How can I fix it? Thank you.
Apparently this is by design a feature of newer kernels. Here is a good explanation by Stéphane Graber, maintainer of LXC:
Prior to VFS idmap being available, we needed to work around file ownership by having LXD manually rewrite the owner of every single file on disk. That’s what you’re showing here on an older kernel.
On newer kernels, this is no longer needed as we can have the kernel keep the permissions on-disk unshifted and just shift in-kernel so the ownership looks correct inside of the container.
What you’re showing above looks like a perfectly working setup on a kernel that does support VFS idmap.
I could indeed config this on the host machine:
root@vm-debian-12-cli:~# lxc info | grep 'shift\|idmap' - storage_shifted idmapped_mounts: "true" shiftfs: "false" idmapped_mounts_v2: "true"

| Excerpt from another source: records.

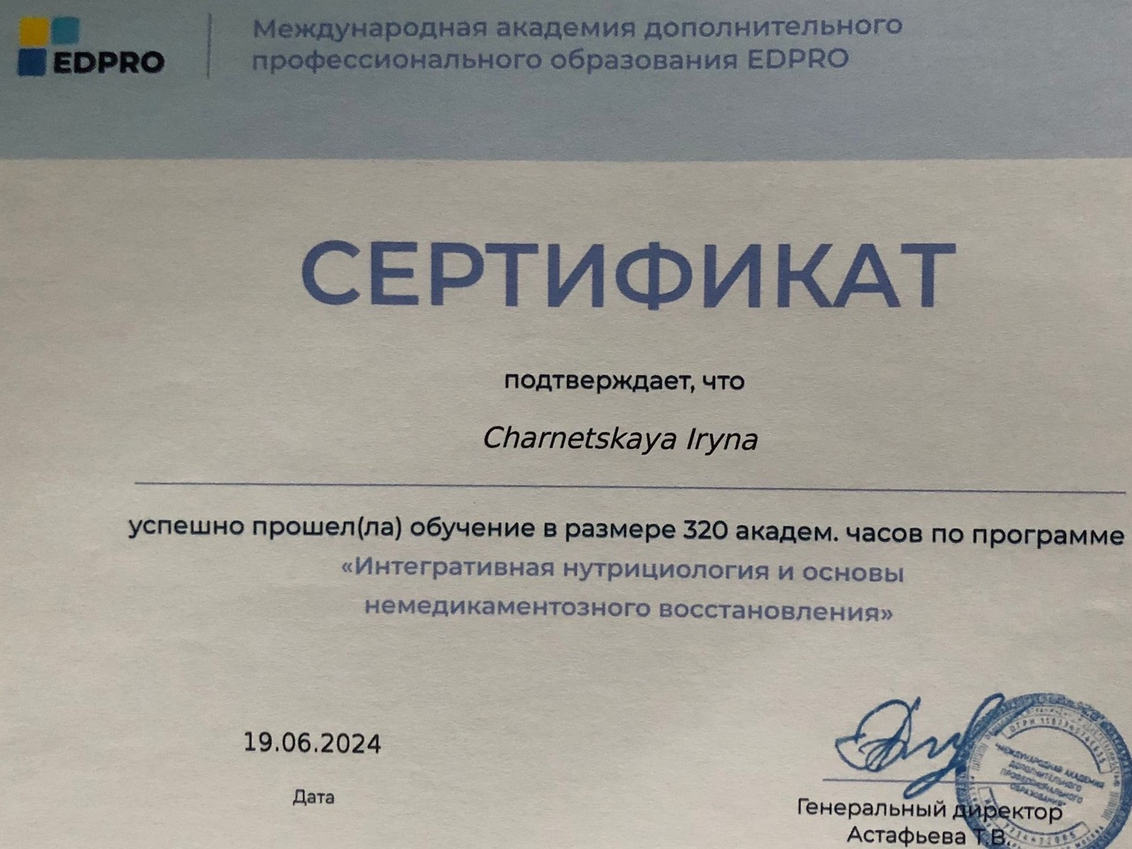 •2024 – Міжнародна академія додаткової професійної освіти EDPRO, 320 годин «Інтегративна нутриціологія та основи немедикаментозного відновлення»
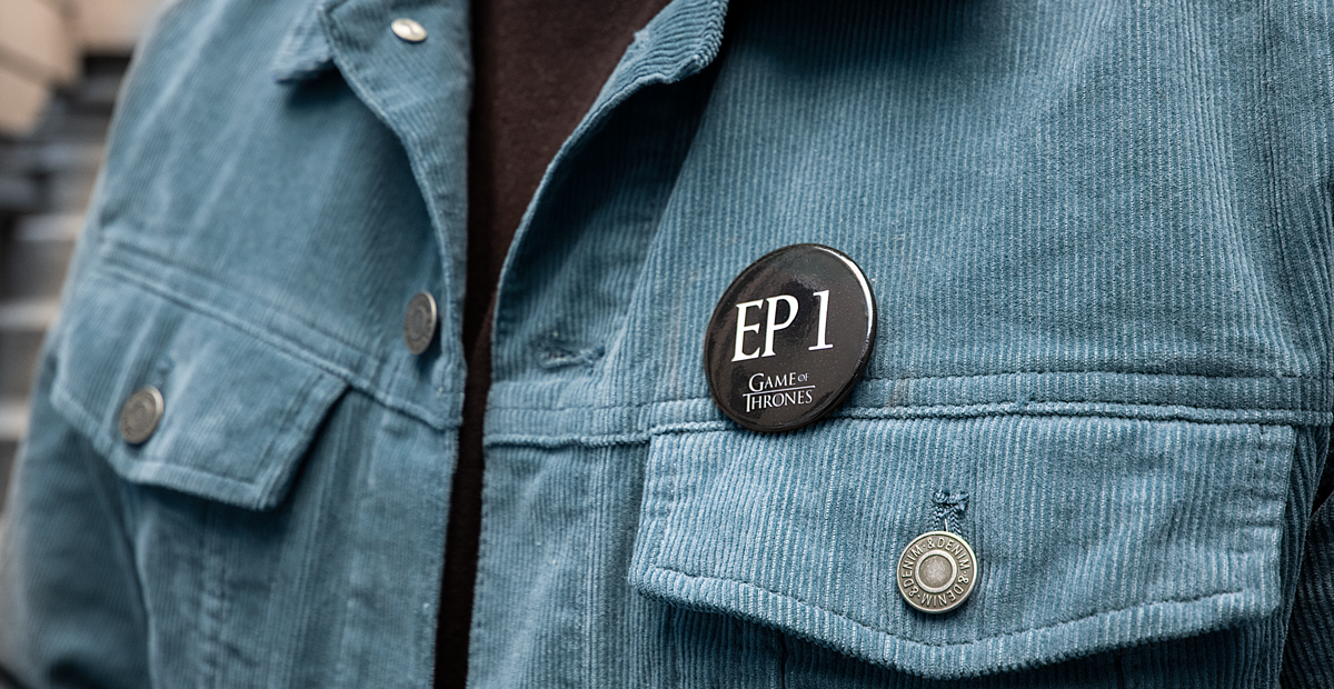 "Fans can get the pins for free in Telia stores, or online, and are encouraged to wear them in order to let friends, coworkers, and classmates know what episode they have seen so everyone knows what they can say, or can’t say, about the final season."
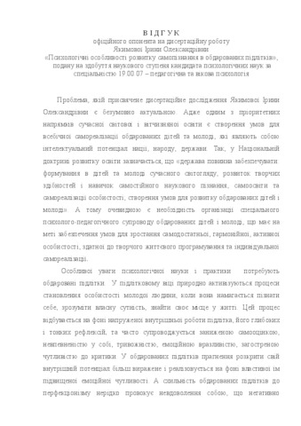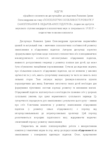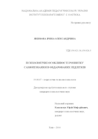 Dissertation for the degree of candidate of psychological sciences, specialty 19.00.07 – pedagogical and age psychology. – Kyiv University named after Borys Grinchenko, Kiev, 2014. The dissertation is devoted to the research of psychological characteristics of gifted adolescents’ self-knowledge development. On the basis of theoretical analysis the model of gifted adolescents’ self-knowledge development is proved. The psychological peculiarities of gifted adolescents’ self-knowledge development are experimentally identified. The levels (biological individual, social individual, personality) and the criteria (orientation, temporal characteristics, cognitive structure, direction of self-knowledge) of gifted adolescents’ self-knowledge development are defined. The program of gifted adolescents’ self-knowledge development is grounded, developed and tested. The effectiveness of the program is proved by the positive dynamics of gifted adolescents’ reflexivity and self-awareness enhance. Based on the results of the research the recommendations for educators, psychologists and students aimed at gifted adolescents’ self-knowledge activation are developed.
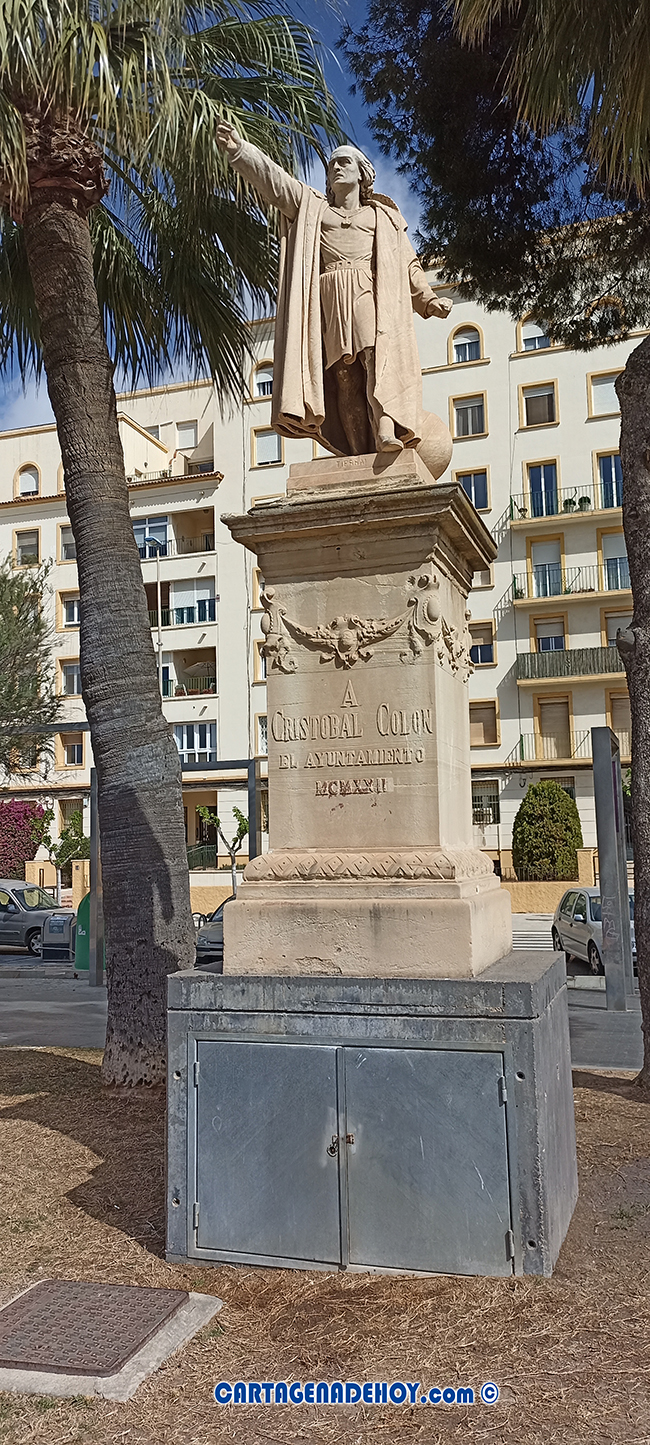 El Gobierno español, por una Real Orden dada en 1882, aprobó erigir a Cristóbal Colón una estatua en el Arsenal Militar. La obra será ejecutada por el artista Juan Sanmartín y Serra, natural de Santiago de Compostela. Se realizó en Génova, con mármol blanco de Carrara, y se transportó hasta Marsella en un vapor francés. Llegó desde el puerto francés hasta aquí en un vapor español. El Ministerio de Marina la cedió al Ayuntamiento de Cartagena, estando depositada en el Arsenal y luego encerrada en la Misericordia, hasta que por fin se ubicó en su actual emplazamiento en el año 1921.
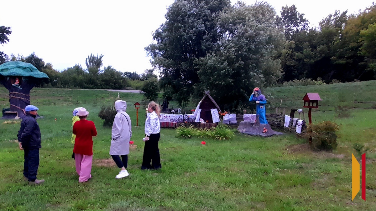 Следующей точкой маршрута стала зона отдыха у воды. Гости осмотрели волейбольную площадку, беседки и фигуры сказочных персонажей.
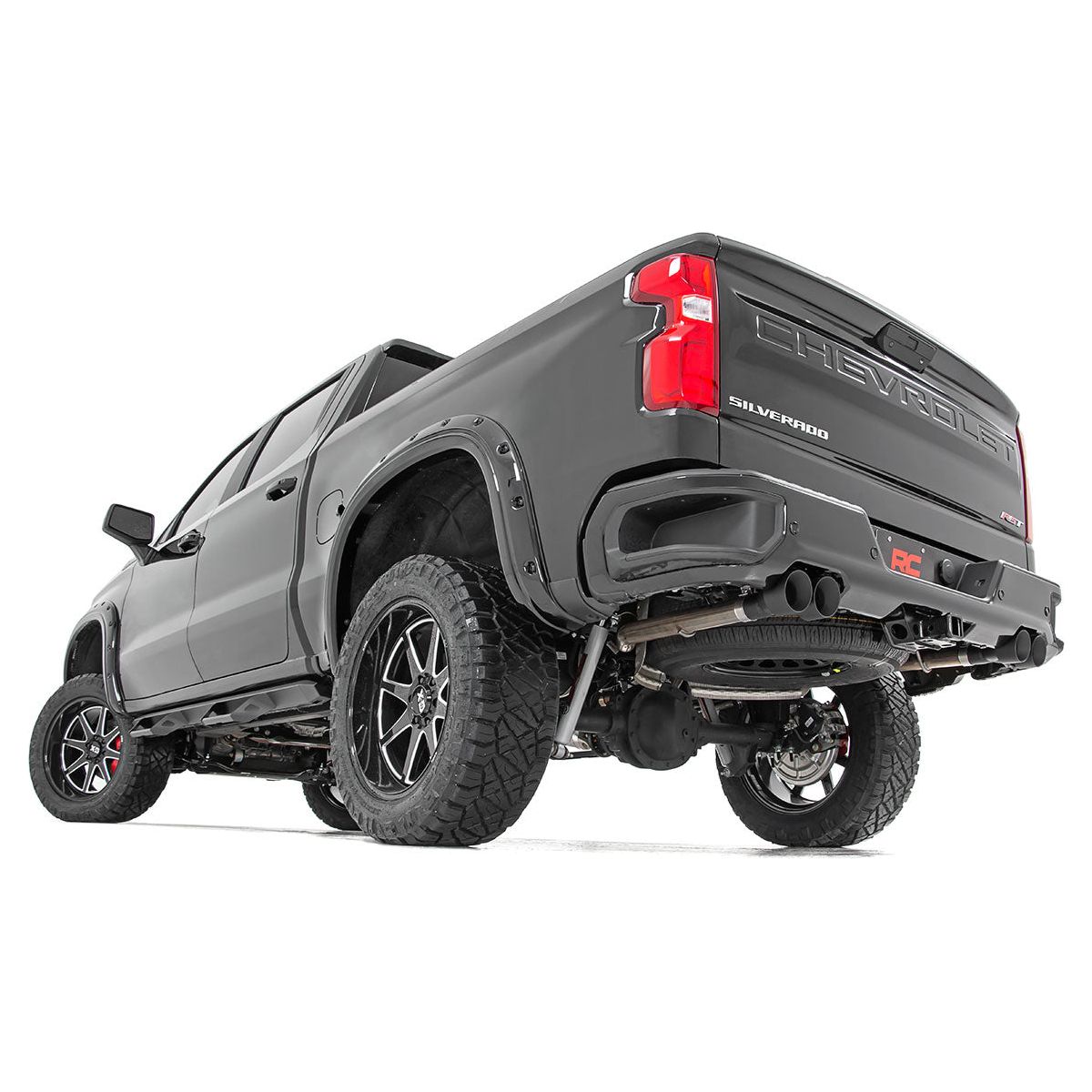 FITMENT: Chevy/GMC 1500 (19-24) I ONLY fits 5.8' and 6.6' Crew Cab and Double Cab models with factory dual exhaust. ONLY fits vehicles with factory rear exit exhaust. Does NOT fit models with factory side exit exhaust. Does NOT fit models equipped with factory Active Exhaust system. This part does not affect vehicle emissions and therefore is not covered by emissions regulations. I

And inside containers the root mount point also shows as
idmapped
(last line):root@debian:~# cat /proc/self/uid_map 0 231072 65536 root@debian:~# cat /proc/self/gid_map 0 231072 65536 root@debian:~# cat /proc/self/mountinfo 490 460 0:24 /@rootfs/mnt/NVME1/lxd/containers/debian/rootfs / rw,relatime,idmapped shared:251 master:1 - btrfs /dev/sda1 rw,space_cache=v2,user_subvol_rm_allowed,subvolid=259,subvol=/@rootfs/mnt/NVME1/lxd/containers/debian
To disable this one might:
There is an environment variable that can be passed to LXD by adding an override in its systemd unit. LXD_IDMAPPED_MOUNTS_DISABLE=1
However, and according to Mr. Graber we shouldn’t do that:
Okay, so your system is operating perfectly normally and with the lowest overhead possible right now, nothing to be worried about.
The old pre-start shifting method was very slow and very risky as a crash or failure to shift a particular bit of metadata (ACL, xattr, …) could allow for a security issue with the container. It was also horrible for CoW filesystems as it effectively made it look like every single file in the container had been modified, potentially duplicating GBs of data.
shiftfs (which was an Ubuntu-specific hack) and now the proper VFS idmap shifting, simply have the kernel apply the reverse uidmap/gidmap on any filesystem operation to a mount that’s marked as idmapped. It’s an extremely trivial operation to perform, allows for dynamic changes to the container maps (very useful for isolated), allows for sharing data between containers and properly supports everything that can hold a uid/gid (ioctl, xattr, acl, …) so doing away with the risk of having missed something.